## [Your task]
In the data below, locate the line containing "Individual urinary 1β-OH-DCA/ToDCA" and the line containing "可以看到这里有几个NPC,我", then retype both and everything between them exactly. Pictures are not part of the copy.

## [Input material]
======

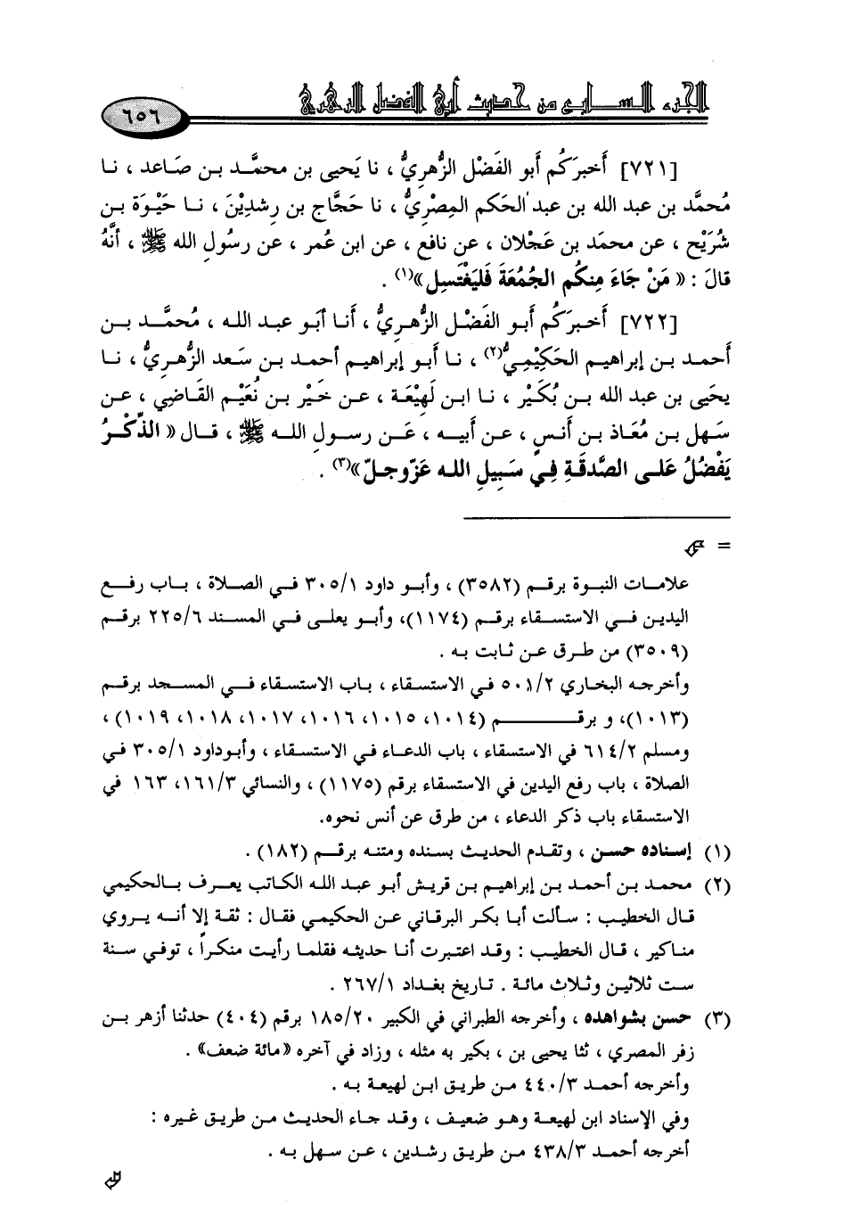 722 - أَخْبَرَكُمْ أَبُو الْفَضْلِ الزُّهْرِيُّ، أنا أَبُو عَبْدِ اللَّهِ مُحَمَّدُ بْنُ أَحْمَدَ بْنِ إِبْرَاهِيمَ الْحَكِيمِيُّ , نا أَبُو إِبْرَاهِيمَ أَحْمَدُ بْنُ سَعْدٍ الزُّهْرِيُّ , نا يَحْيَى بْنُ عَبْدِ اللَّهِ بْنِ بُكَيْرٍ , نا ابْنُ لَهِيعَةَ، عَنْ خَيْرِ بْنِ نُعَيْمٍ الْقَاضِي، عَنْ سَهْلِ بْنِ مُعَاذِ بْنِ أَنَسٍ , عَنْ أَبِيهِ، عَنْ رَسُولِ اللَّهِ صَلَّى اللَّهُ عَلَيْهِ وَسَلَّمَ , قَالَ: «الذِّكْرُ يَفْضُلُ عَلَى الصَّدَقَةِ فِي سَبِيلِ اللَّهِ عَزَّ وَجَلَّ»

======

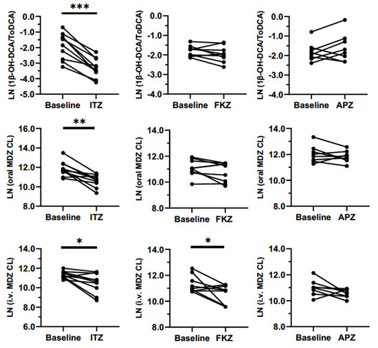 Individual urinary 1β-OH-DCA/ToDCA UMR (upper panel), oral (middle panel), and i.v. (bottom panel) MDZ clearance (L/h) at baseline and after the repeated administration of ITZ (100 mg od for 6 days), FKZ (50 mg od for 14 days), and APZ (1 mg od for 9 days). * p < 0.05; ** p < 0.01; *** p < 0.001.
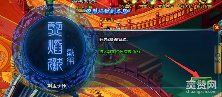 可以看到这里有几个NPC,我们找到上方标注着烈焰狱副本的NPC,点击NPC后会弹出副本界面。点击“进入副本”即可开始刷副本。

======

## [Written response]
 Individual urinary 1β-OH-DCA/ToDCA UMR (upper panel), oral (middle panel), and i.v. (bottom panel) MDZ clearance (L/h) at baseline and after the repeated administration of ITZ (100 mg od for 6 days), FKZ (50 mg od for 14 days), and APZ (1 mg od for 9 days). * p < 0.05; ** p < 0.01; *** p < 0.001.
 可以看到这里有几个NPC,我们找到上方标注着烈焰狱副本的NPC,点击NPC后会弹出副本界面。点击“进入副本”即可开始刷副本。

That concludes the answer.